Drabek signed as a free agent after the 1992 season with the Houston Astros. Despite a solid 3.79 ERA and playing for a rising team, he posted a 9–18 record and led the National League in losses. He improved in the strike-shortened 1994 season to 12–6 with a 2.84 ERA, and was named an All-Star for the first and only time in his career.

When play resumed after the players' strike in 1995, however, he was unable to maintain his success and retired after the 1998 season, having compiled a 35–40 record over his final four seasons.

==Retirement and personal life==
After retiring, Drabek coached his son's Little League and select league teams, often teaching them how to hit faster pitches with their personal pitching machine, giving them an advantage over other little league teams. Drabek returned to professional baseball in 2010, accepting a position in the Arizona Diamondbacks system as the pitching coach for the Yakima Bears in the Low-A Northwest League. On December 31, 2010, the D-backs announced that Drabek was promoted to the pitching coach for the Visalia Rawhide in the Single-A California League.

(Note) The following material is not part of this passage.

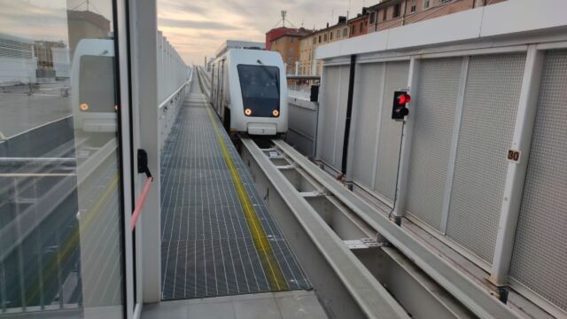 Přílet ve večerních hodinách, rozuměj za tmy, byl mírně řečeno rozpačitý. S davem jsme se vydali do stanice Marconi expressu, malého vlaku spojujícího letiště s centrem města. Cena jednosměrné jízdenky je 8,7 €, při koupi zpáteční je cena 16 €, ale i tak se sedmi minutová a sedmi kilometrová jízda vlakem cenou značně přiblížila hodnotě letenky. Zajímavé je využití podvozků s nafukovacími koly (pneumatiky) – od toho bych čekal mírně lepší komfort jízdy, než jaký jsme zažili. Vůz srovnatelný s průměrným autobusem je rozdělený na dvě kupé, přičemž pohodlné cestování by bylo tak pro 20 lidí dohromady. Nás se nacpalo do jedné kabinky minimálně 30, ale protože vlak jede stejně jako horská dráha a na „kolejnicích“ se odráží tak nějak ze strany na stranu a nepředvídatelně se naklápí, bylo vlastně dobře, že nebylo kam spadnout.

Drabek is married to Kristy and has three children; sons Justin (born 1986) and Kyle (born 1987) and daughter Kelsey (born 1991). Justin spent time playing in independent ball. Kyle was a starting pitcher who played for the Arizona Diamondbacks, Chicago White Sox, and Toronto Blue Jays.

In February 2018, Drabek was named as the pitching coach for the Double-A Jackson Generals. He served as the pitching coach for the Amarillo Sod Poodles in 2019.

Drabek was named as the pitching coach of the Triple-A Reno Aces prior to the 2024 season.